Osteoporosis: A condition characterized by porous bone with low bone density and structural deterioration, leading to increased fracture risk.
Osteopenia: A thinning of the trabecular matrix, which occurs before osteoporosis.
Arthropathy: A general term for any joint disorder.
Arthritis: Inflammation of a joint.
Rickets: A pediatric condition caused by vitamin D, calcium, or phosphorus deficiency, leading to bone malformations in children.
Osteomalacia: A condition similar to rickets but occurring in adults, resulting in bone weakness due to vitamin D deficiency.

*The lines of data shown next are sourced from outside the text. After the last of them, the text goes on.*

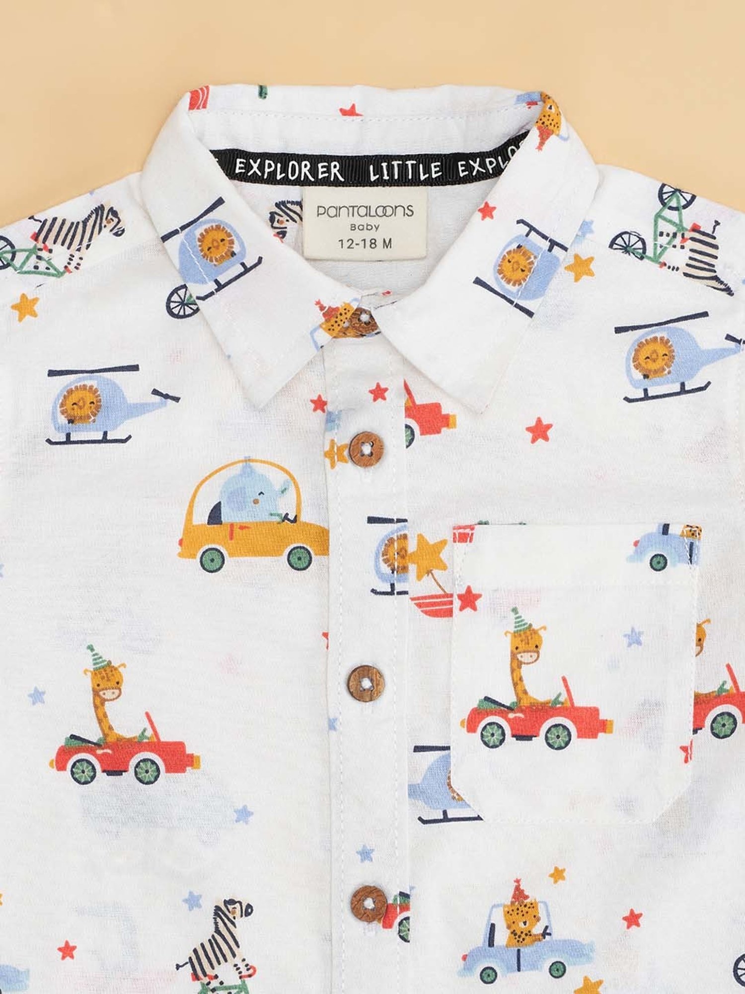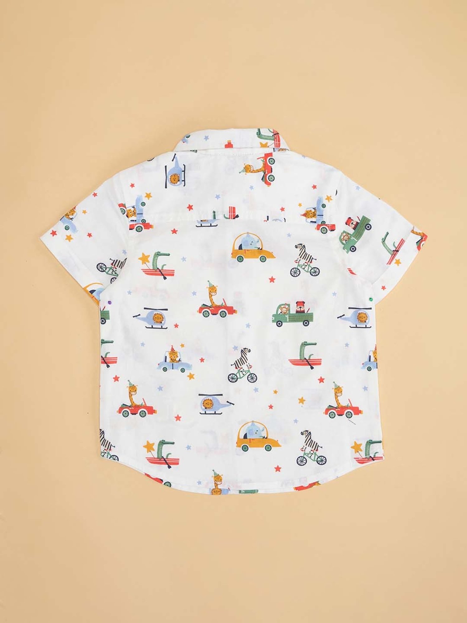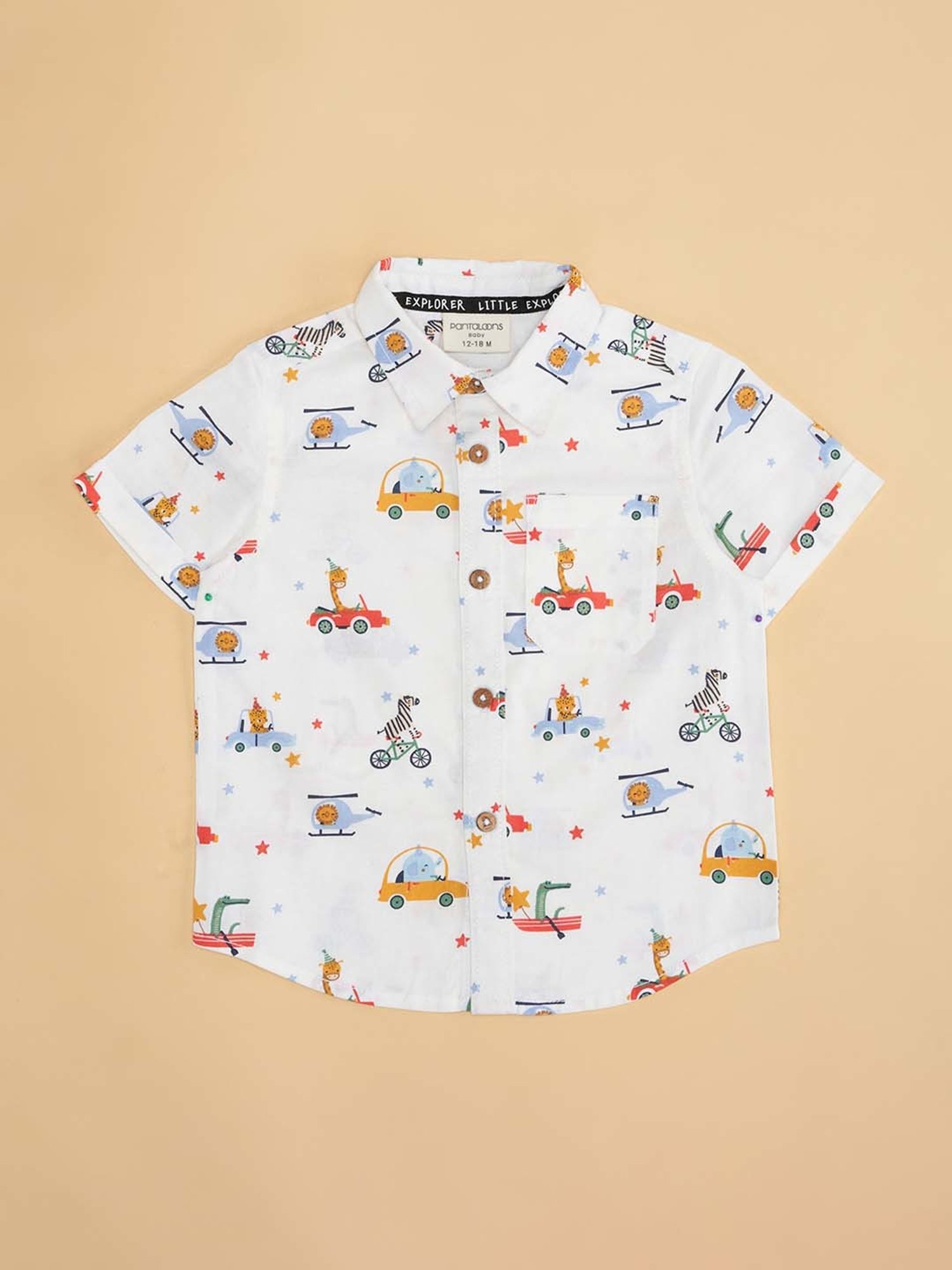 Give your little kid's wardrobe a stylish lift with this white shirt from Pantaloons Baby. Crafted with care using premium quality cotton fabric, it will be very soft to the skin. The collared neckline elevates its design. Flaunting half sleeves, it will surely keep your kid updated with the latest trend. The printed pattern makes it a captivating choice.
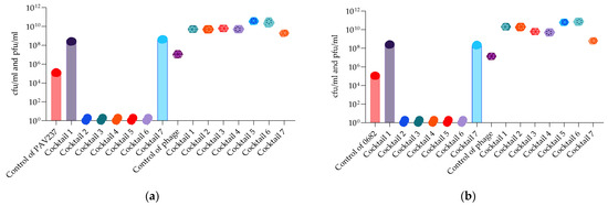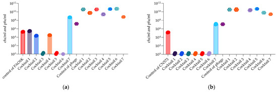 Bacterial (cfu/mL) and phage (pfu/mL) counts after 48 h of OmniLog incubation for 7 P. aeruginosa phage cocktails and strains: (a) PAO1K; (b) CN573. Bars with the spere symbols represent cfu/mL, and the hexagonal symbols without bars represent pfu/mL.
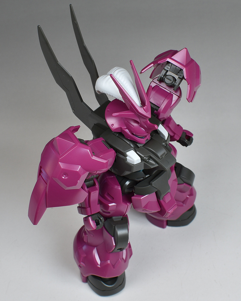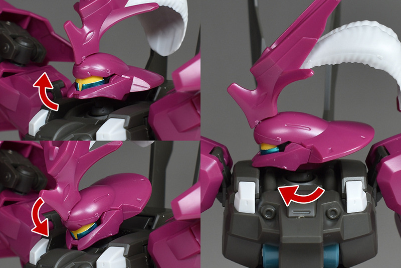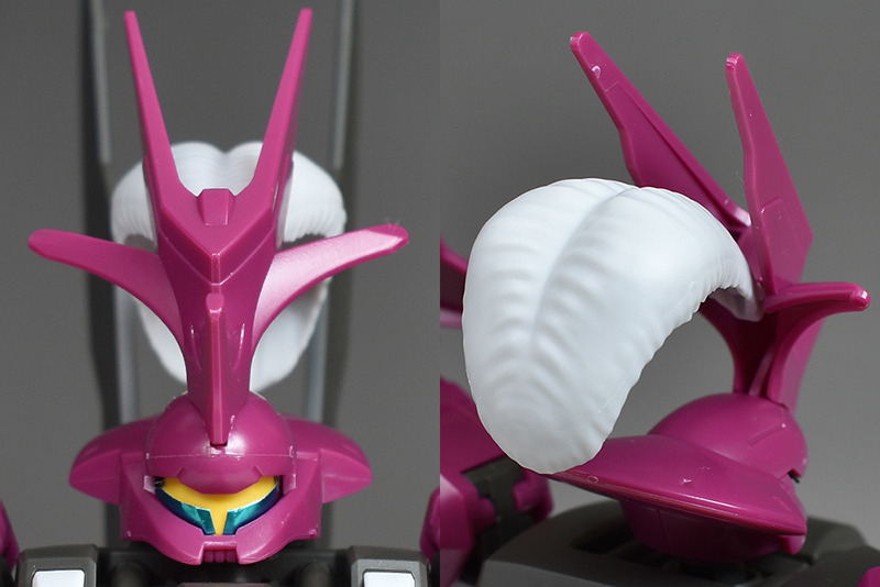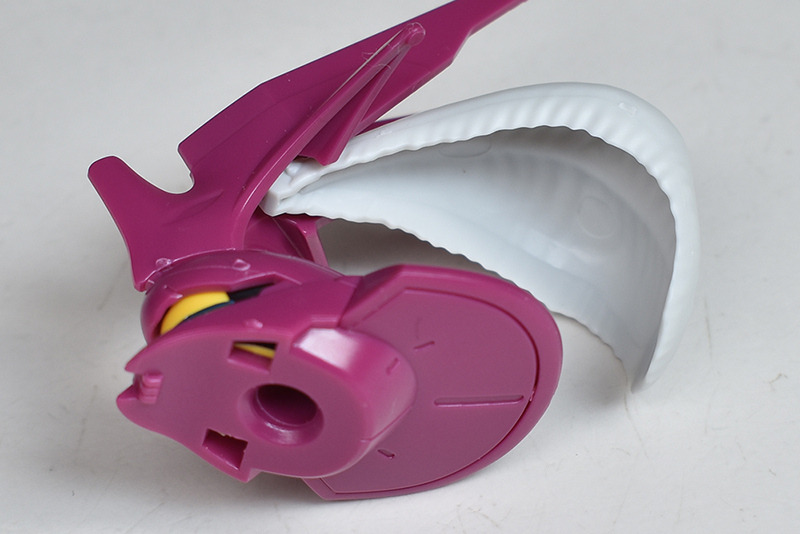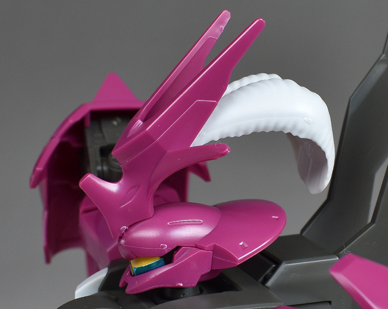 The head is impressive with its insect-like rounded armor and the six-pronged, tough blade antenna on the forehead. The blade antenna was aerial cut off during the duel, but the white feather ornament on the rear is also reproduced. The feather ornament is also molded to express a fluffy feel. There is no folding gimmick when storing it in a container.
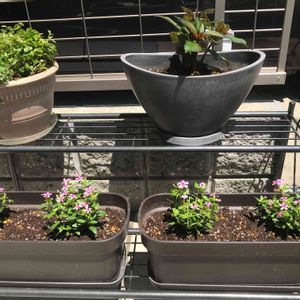今年も植え付けました^ ^ 10号に3株植えです。 園芸店の方いわく、今年のサンパチェンスは苗の発育が悪く、数量が確保しにくいとか? また豪華に咲いてくれるのが楽しみです
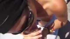 Esta gaja está na praia e começa o trabalho de tocar-se com vibrador e uma grande verga vai acabar com o trabalho.
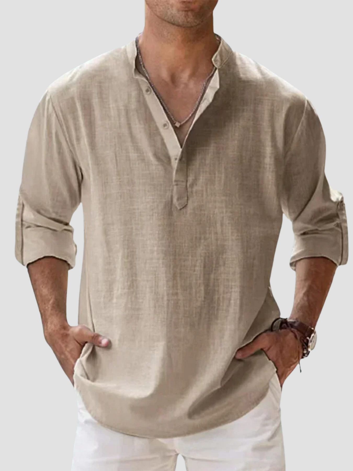 DORADO | CAMISETA HENLEY LARGA | ESTILO CASUAL-ELEGANTE
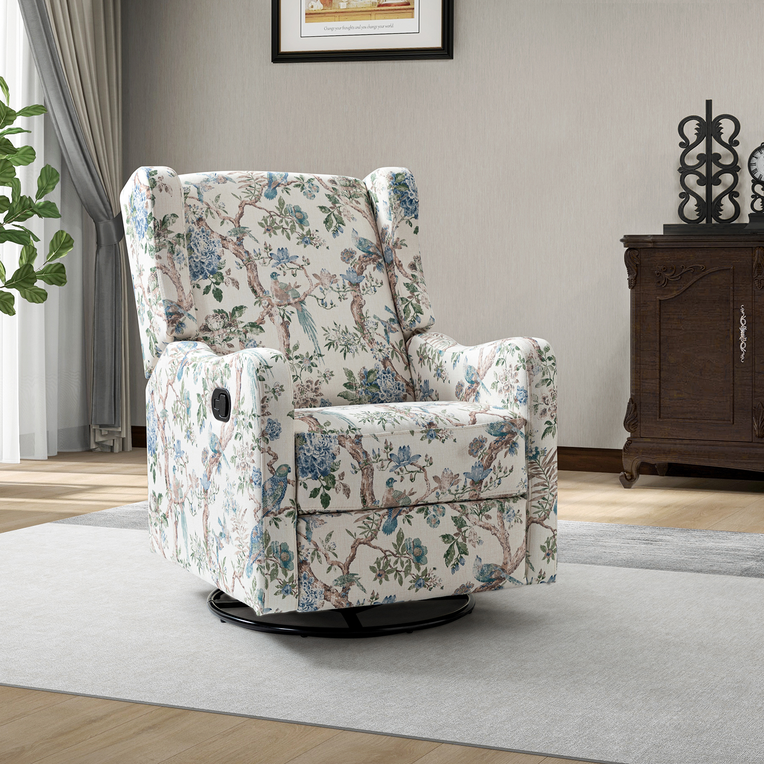 Rosalie Floral Wingback Nailhead Trim Manual Recliner
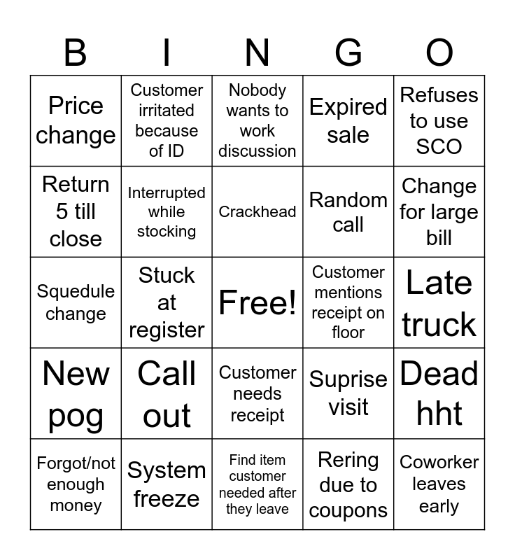 This bingo card has a free space and 24 words: Call out, System freeze, Crackhead, Forgot/not enough money, Refuses to use SCO, Price change, Return 5 till close, Customer irritated because of ID, Customer mentions receipt on floor, Customer needs receipt, Random call, Squedule change, Suprise visit, Dead hht, Interrupted while stocking, Rering due to coupons, Late truck, Nobody wants to work discussion, Change for large bill, Stuck at register, Coworker leaves early, New pog, Expired sale and Find item customer needed after they leave.

Osteophytes: Also known as bone spurs, these are bony outgrowths that can form on joints, often seen in osteoarthritis.
Heberden's nodes: Bony enlargements at the distal interphalangeal joints (DIPs) of the fingers, a clinical sign of osteoarthritis.
Bouchard's nodes: Bony enlargements at the proximal interphalangeal joints (PIPs) of the fingers, also associated with osteoarthritis.
Degenerative Disc Disease (DDD): A common cause of pain, motor weakness, and neuropathy due to the distortion and compression of spinal nerves by intervertebral discs.
Spinal stenosis: An anatomical narrowing of the spinal canal, nerve root canal, and intervertebral foramina that develops gradually.